__Dataset excerpt__.
************
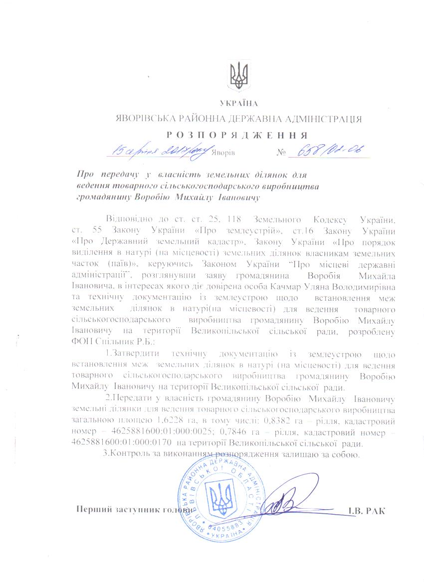 658/02-06 2017-08-18 Про передачу у власність земельних ділянок для ведення товарного сільськогосподарського виробництва громадянину Воробію Михайлу Івановичу
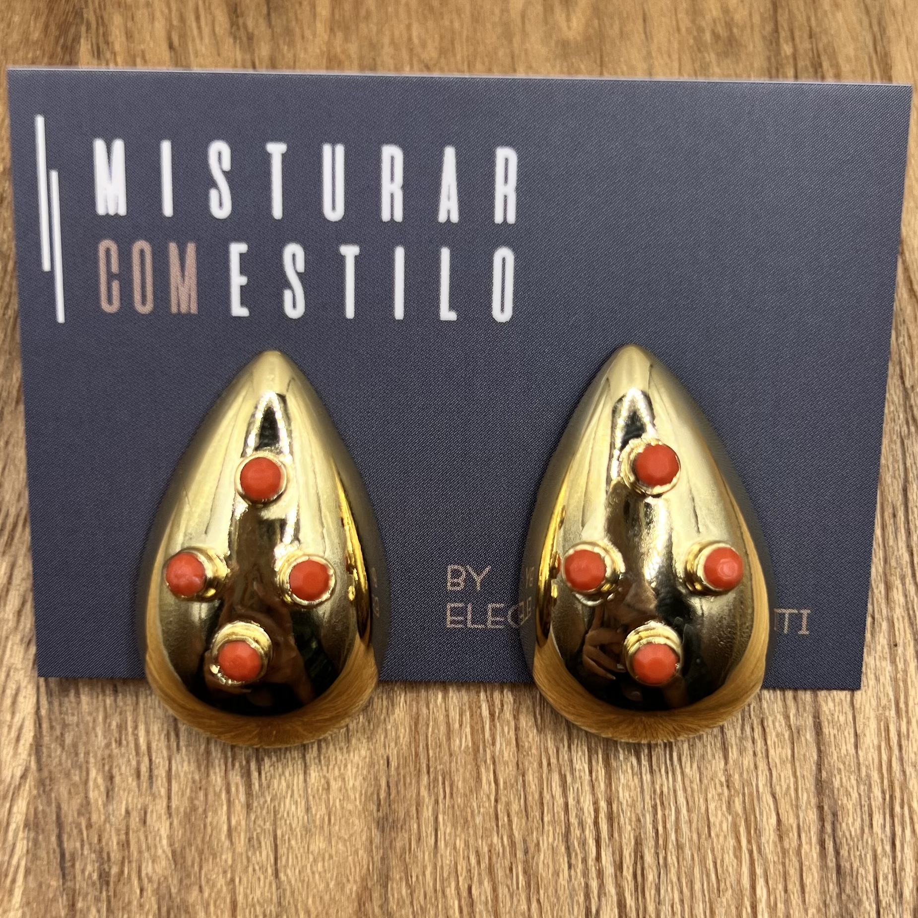 brinco em formato de gota com quatro mini pedras na cor coral, dourado - semijoia
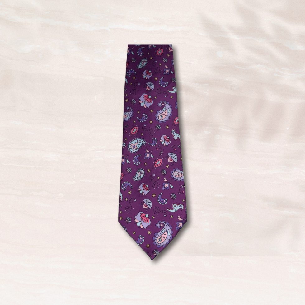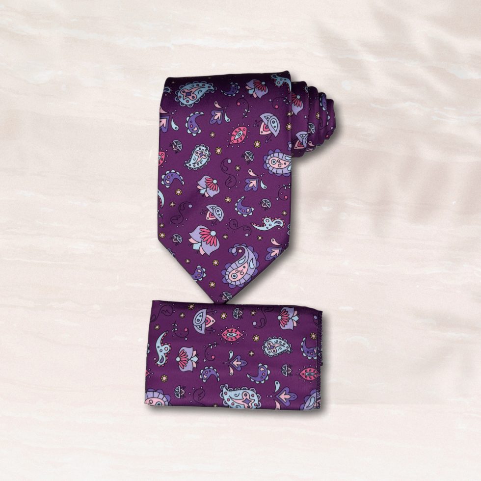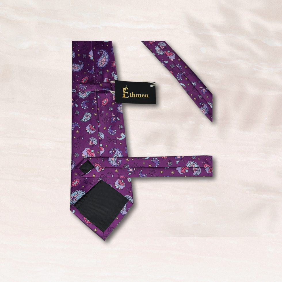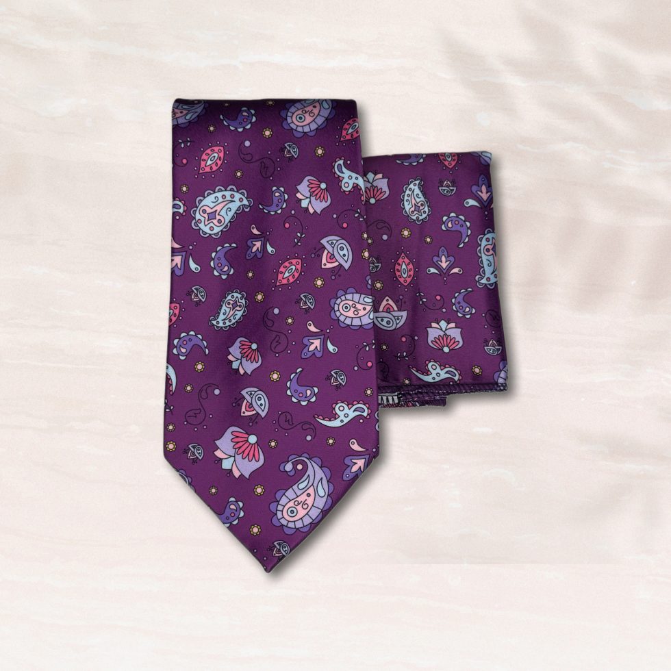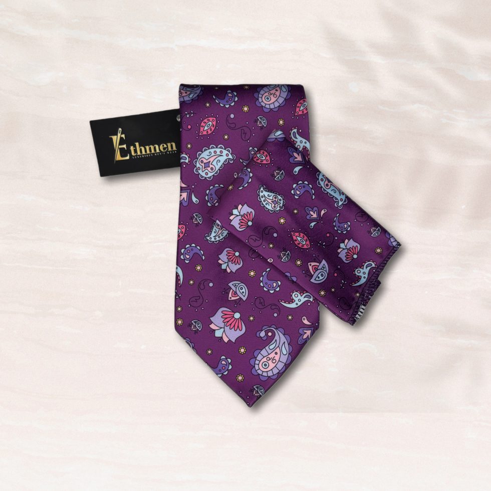 Elevate your formal and semi-formal looks with the Majestic Paisley Tie & Pocket Square Set. This striking two-piece collection features a rich, deep purple background adorned with a vibrant and intricate paisley pattern. The unique design, with its detailed floral motifs and whimsical accents in shades of light blue, magenta, and silver, adds a touch of artistic flair to a classic accessory.
************
__Problem requirements__.
Reproduce the preceding material exactly, skipping pictures.

__Result for this exercise__.
 658/02-06 2017-08-18 Про передачу у власність земельних ділянок для ведення товарного сільськогосподарського виробництва громадянину Воробію Михайлу Івановичу
 brinco em formato de gota com quatro mini pedras na cor coral, dourado - semijoia
 Elevate your formal and semi-formal looks with the Majestic Paisley Tie & Pocket Square Set. This striking two-piece collection features a rich, deep purple background adorned with a vibrant and intricate paisley pattern. The unique design, with its detailed floral motifs and whimsical accents in shades of light blue, magenta, and silver, adds a touch of artistic flair to a classic accessory.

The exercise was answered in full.